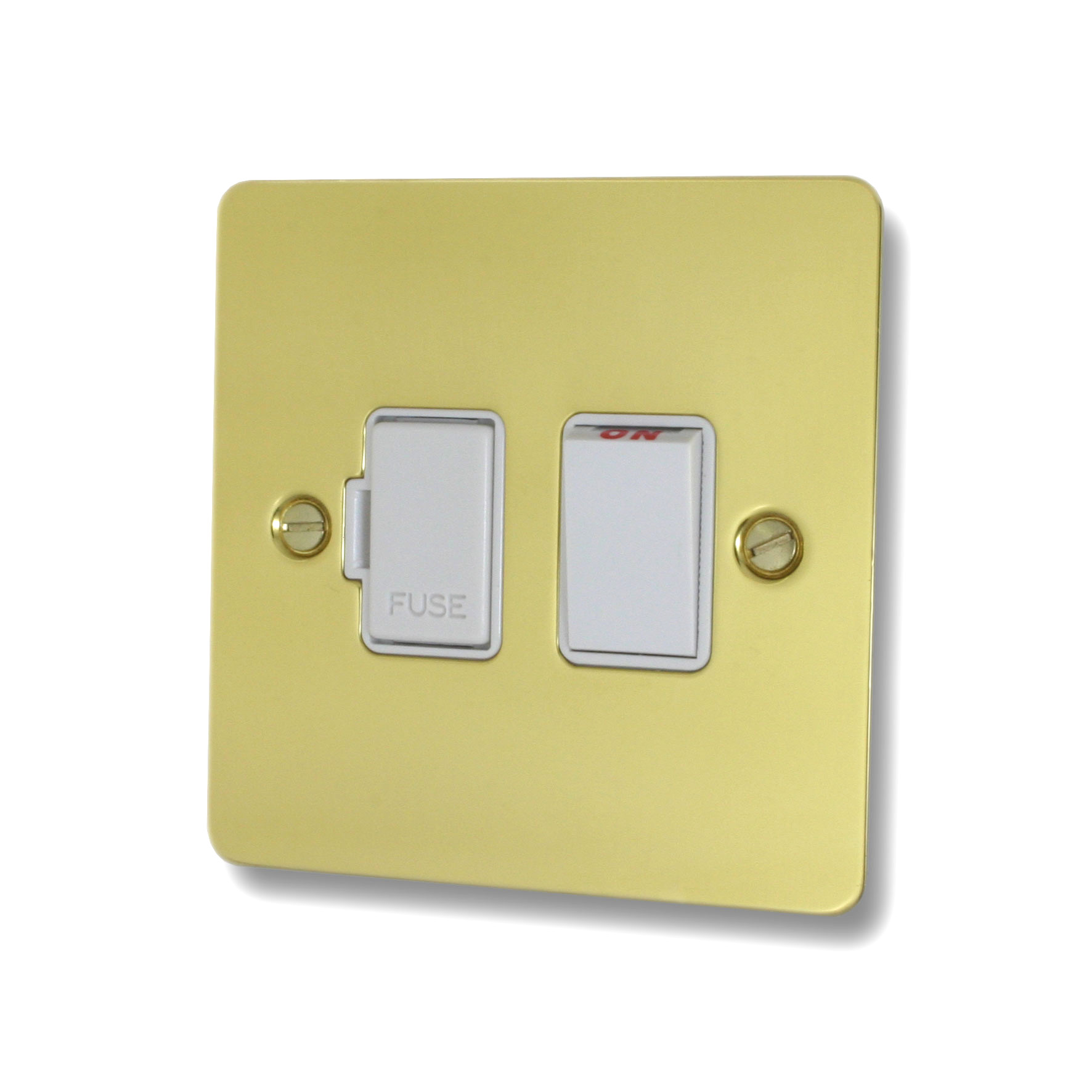 Flat Polished Brass Unlacquered Switched Fused Spur (White Switch) - G+H FBUL57W
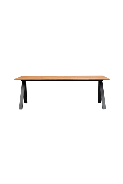 Carradale matbord med tvådelad massiv bordsskiva i ek och V-ben i svart pulverlackad metall. Bordsskivan kan kompletteras med 1 eller 2 tilläggsskivor à 50 cm vilket kan göra bordet upp till 320 cm långt, ingår ej. FSC-certifierad produkt, vilket innebär att den innehåller trä som är avverkat från ett ansvarsfullt skogsbruk som tar hänsyn till människor och miljö.
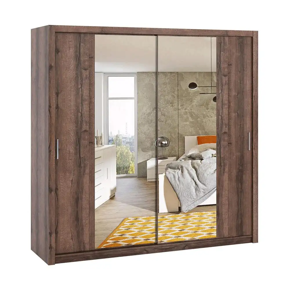 Szafa przesuwna z lustrem BOREA BO15 220 cm w kolorze dąb monastery to pojemna szafa ubraniowa o eleganckim, wyrazistym charakterze. Głęboki dekor drewna w połączeniu z lustrzanymi frontami tworzy nowoczesną całość, która optycznie powiększa przestrzeń i podnosi funkcjonalność wnętrza.
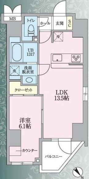 | 間取り詳細 | LDK:13.5畳 洋室:6.1畳 |
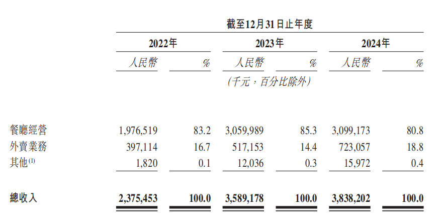 其中,綠茶收入主要來自餐廳經(jīng)營及外賣業(yè)務(wù)。其中外賣業(yè)務(wù)由2022年的16.7%到2024年的18.8%,外賣占比不多。
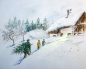 Grußkarte "Weihnachten - Haus" Aquarell /KunstdruckGrußkartengröße ca. 10 x 15 cm oder 12 x 17 cmSet besteht aus Klappkarte mit Motiv, Kuvert, verpackt in Klarsichthülle
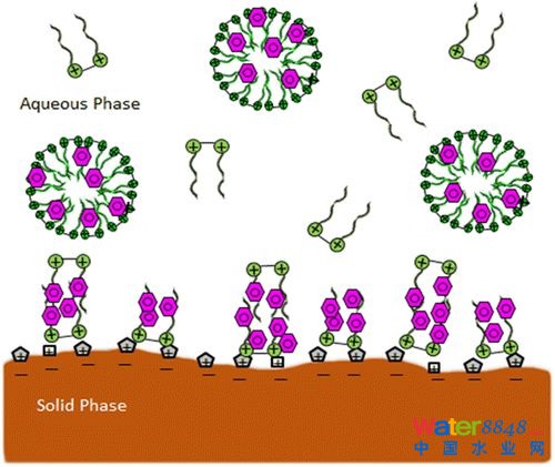 摘要:選用三種具有不同碳鏈的對(duì)稱及不對(duì)稱結(jié)構(gòu)雙子表面活性劑(C 12-2-16、C 12-2-12、C 12-2-8),以一種多環(huán)芳烴為目標(biāo)物,研究雙子表面活性劑不同構(gòu)效關(guān)系對(duì)多環(huán)芳烴在水-顆粒界面吸附、解吸、分布、遷移的影響。研究發(fā)現(xiàn)對(duì)于吸附了雙子表面活性劑的土壤顆粒,對(duì)于萘的吸附行為遵循C 12-2-16 < C 12-2-12 < C 12-2-8。但是綜合兩個(gè)方面考慮(高的滯留性能和較低的投放量),最佳的吸附介質(zhì)是C 12-2-12。對(duì)于小于表面活性劑臨界膠束濃度(CMC)和大于CMC時(shí),多環(huán)芳烴在水-土壤顆粒表面分布及遷移是兩種截然不同的狀態(tài),可以分為幾個(gè)步驟:當(dāng)小于CMC時(shí),陽(yáng)離子雙子表面活性劑的帶電荷部分與土壤帶負(fù)電荷的顆粒相結(jié)合,形成一層界面,而疏水基部分還可以與其他表面活性劑的疏水基鏈接,形成第二層界面。而在界面之間,則有少量的疏水性多環(huán)芳烴與疏水基鏈相結(jié)合。隨著雙子表面活性劑的繼續(xù)加入,大于CMC時(shí),多余的雙子表面活性劑則在溶液中形成膠束,可以溶解大量的多環(huán)芳烴,還能將固體顆粒界面上吸附的多環(huán)芳烴解吸于膠束中。
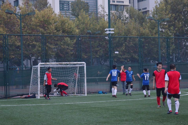本次比赛共有15支队伍、210名教职工足球爱好者参加。15支队伍分为四个小组,我院分在A组,同组对手理学院和石工学院两支队伍均体力充沛,实力强劲。小组赛首场比赛对阵石工学院,我院足球队精心布置战术,场上球员斗志昂扬,团结一心,不时打出精妙配合,最终以5:0战胜石工学院取得开门红,曹美文本场上演“帽子戏法”独进三球。第二场小组赛对阵计科学院,由于实力悬殊,我方最终以10:0的大比分战胜对方,王兆兴取得5粒进球,李国书记下半场仅上场3分钟便攻入一球。小组赛最后一场对阵理学院,理学院有着良好的战术配合及进攻体系,率先进球。但我方队员团结一心,稳扎稳打,在比赛中互有进球,常规时间踢出3:3平局。小组赛计算得分之后,我院足球队以2胜1平的优势小组头名出线。在淘汰赛阶段,我院足球队经过小组赛的磨合后配合愈发默契,在1/4决赛中以6:1的比分战胜地学院。半决赛遇上强劲对手——校企队,对方年轻队员较多,体力占优势,上半场便以2:0的比分领先,我方球员坚持不懈,顽强拼搏,最终通过不停的跑位连进3球,但最终在临近比赛结束时,对方直接任意球打入我方球门,比分变为3:3平。点球环节我方因比对方少进1球最终止步冠亚军争夺。季军争夺战又是在我院与石工学院之间展开,最终1:0战胜石工,取得了第三届教职工足球赛的季军。
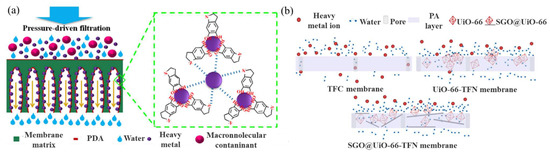 (a) Mechanism of the adsorption of heavy metal ions on a PDA membrane [36]; (b) heavy metal ion removal and antifouling mechanism of TFC, UiO-66TFN, and SGO/UiO-66TFN [37].
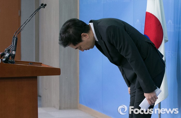 (서울=포커스뉴스) 안철수 의원의 핵심 측근이었던 금태섭 더불어민주당(구 새정치민주연합) 전 대변인이 27일 오전 서울 여의도 국회 정론관에서 20대 총선 서울 강서갑 출마 기자회견에 앞서 인사하고 있다.
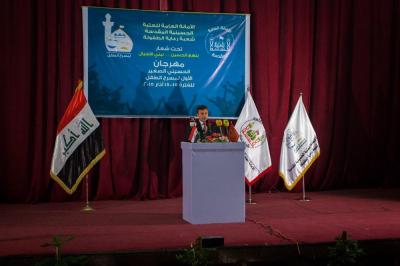 بعدها جاءت كلمة السيد محافظ كربلاء المقدّسة الأستاذ عقيل الطريحي والتي استشهد فيها بمقولةٍ للفنانين (إنّ الحياة مسرحٌ كبير) مؤكّداً على أنّ من يخلد في هذا المسرح هو الذي انتمى للمنهج الذي لا يغيب، وهو منهج الإمام الحسين(عليه السلام)، والذي وُلِدَ يوم استشهاده في العاشر من محرم الحرام في واقعة الطف الخالدة.
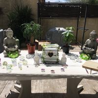Il y a 3626 joursCoucou les filles un petit essai Pour notre table d accueil qu en pensez vous??? Je vous rappelle notre thème ZEN Les bouddhas sont des fontaines avec des LED, bougies seront toutes vertes et beiges....
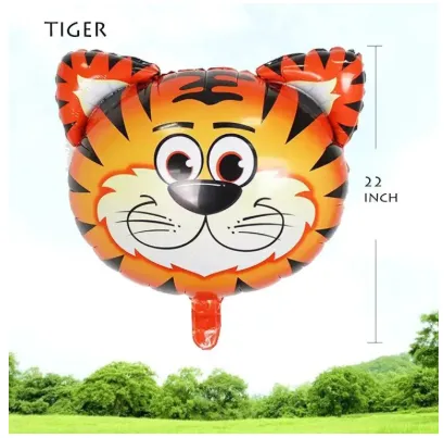 Safari Animal Foil Double Sided Animals to choose: Lion, Giraffe, Tiger, Monkey, Cow & Zebra Size: 25" Inches each High quality Can be filled with Normal Air or Helium
------------------------------------------------------------
**What is needed**
Above are the records; return them exactly, minus the pictures.

**Answer box**
 Flat Polished Brass Unlacquered Switched Fused Spur (White Switch) - G+H FBUL57W
 Carradale matbord med tvådelad massiv bordsskiva i ek och V-ben i svart pulverlackad metall. Bordsskivan kan kompletteras med 1 eller 2 tilläggsskivor à 50 cm vilket kan göra bordet upp till 320 cm långt, ingår ej. FSC-certifierad produkt, vilket innebär att den innehåller trä som är avverkat från ett ansvarsfullt skogsbruk som tar hänsyn till människor och miljö.
 Szafa przesuwna z lustrem BOREA BO15 220 cm w kolorze dąb monastery to pojemna szafa ubraniowa o eleganckim, wyrazistym charakterze. Głęboki dekor drewna w połączeniu z lustrzanymi frontami tworzy nowoczesną całość, która optycznie powiększa przestrzeń i podnosi funkcjonalność wnętrza.
 | 間取り詳細 | LDK:13.5畳 洋室:6.1畳 |
 其中,綠茶收入主要來自餐廳經(jīng)營及外賣業(yè)務(wù)。其中外賣業(yè)務(wù)由2022年的16.7%到2024年的18.8%,外賣占比不多。
 Grußkarte "Weihnachten - Haus" Aquarell /KunstdruckGrußkartengröße ca. 10 x 15 cm oder 12 x 17 cmSet besteht aus Klappkarte mit Motiv, Kuvert, verpackt in Klarsichthülle
 摘要:選用三種具有不同碳鏈的對(duì)稱及不對(duì)稱結(jié)構(gòu)雙子表面活性劑(C 12-2-16、C 12-2-12、C 12-2-8),以一種多環(huán)芳烴為目標(biāo)物,研究雙子表面活性劑不同構(gòu)效關(guān)系對(duì)多環(huán)芳烴在水-顆粒界面吸附、解吸、分布、遷移的影響。研究發(fā)現(xiàn)對(duì)于吸附了雙子表面活性劑的土壤顆粒,對(duì)于萘的吸附行為遵循C 12-2-16 < C 12-2-12 < C 12-2-8。但是綜合兩個(gè)方面考慮(高的滯留性能和較低的投放量),最佳的吸附介質(zhì)是C 12-2-12。對(duì)于小于表面活性劑臨界膠束濃度(CMC)和大于CMC時(shí),多環(huán)芳烴在水-土壤顆粒表面分布及遷移是兩種截然不同的狀態(tài),可以分為幾個(gè)步驟:當(dāng)小于CMC時(shí),陽(yáng)離子雙子表面活性劑的帶電荷部分與土壤帶負(fù)電荷的顆粒相結(jié)合,形成一層界面,而疏水基部分還可以與其他表面活性劑的疏水基鏈接,形成第二層界面。而在界面之間,則有少量的疏水性多環(huán)芳烴與疏水基鏈相結(jié)合。隨著雙子表面活性劑的繼續(xù)加入,大于CMC時(shí),多余的雙子表面活性劑則在溶液中形成膠束,可以溶解大量的多環(huán)芳烴,還能將固體顆粒界面上吸附的多環(huán)芳烴解吸于膠束中。
本次比赛共有15支队伍、210名教职工足球爱好者参加。15支队伍分为四个小组,我院分在A组,同组对手理学院和石工学院两支队伍均体力充沛,实力强劲。小组赛首场比赛对阵石工学院,我院足球队精心布置战术,场上球员斗志昂扬,团结一心,不时打出精妙配合,最终以5:0战胜石工学院取得开门红,曹美文本场上演“帽子戏法”独进三球。第二场小组赛对阵计科学院,由于实力悬殊,我方最终以10:0的大比分战胜对方,王兆兴取得5粒进球,李国书记下半场仅上场3分钟便攻入一球。小组赛最后一场对阵理学院,理学院有着良好的战术配合及进攻体系,率先进球。但我方队员团结一心,稳扎稳打,在比赛中互有进球,常规时间踢出3:3平局。小组赛计算得分之后,我院足球队以2胜1平的优势小组头名出线。在淘汰赛阶段,我院足球队经过小组赛的磨合后配合愈发默契,在1/4决赛中以6:1的比分战胜地学院。半决赛遇上强劲对手——校企队,对方年轻队员较多,体力占优势,上半场便以2:0的比分领先,我方球员坚持不懈,顽强拼搏,最终通过不停的跑位连进3球,但最终在临近比赛结束时,对方直接任意球打入我方球门,比分变为3:3平。点球环节我方因比对方少进1球最终止步冠亚军争夺。季军争夺战又是在我院与石工学院之间展开,最终1:0战胜石工,取得了第三届教职工足球赛的季军。
 (a) Mechanism of the adsorption of heavy metal ions on a PDA membrane [36]; (b) heavy metal ion removal and antifouling mechanism of TFC, UiO-66TFN, and SGO/UiO-66TFN [37].
 (서울=포커스뉴스) 안철수 의원의 핵심 측근이었던 금태섭 더불어민주당(구 새정치민주연합) 전 대변인이 27일 오전 서울 여의도 국회 정론관에서 20대 총선 서울 강서갑 출마 기자회견에 앞서 인사하고 있다.
 بعدها جاءت كلمة السيد محافظ كربلاء المقدّسة الأستاذ عقيل الطريحي والتي استشهد فيها بمقولةٍ للفنانين (إنّ الحياة مسرحٌ كبير) مؤكّداً على أنّ من يخلد في هذا المسرح هو الذي انتمى للمنهج الذي لا يغيب، وهو منهج الإمام الحسين(عليه السلام)، والذي وُلِدَ يوم استشهاده في العاشر من محرم الحرام في واقعة الطف الخالدة.
Il y a 3626 joursCoucou les filles un petit essai Pour notre table d accueil qu en pensez vous??? Je vous rappelle notre thème ZEN Les bouddhas sont des fontaines avec des LED, bougies seront toutes vertes et beiges....
 Safari Animal Foil Double Sided Animals to choose: Lion, Giraffe, Tiger, Monkey, Cow & Zebra Size: 25" Inches each High quality Can be filled with Normal Air or Helium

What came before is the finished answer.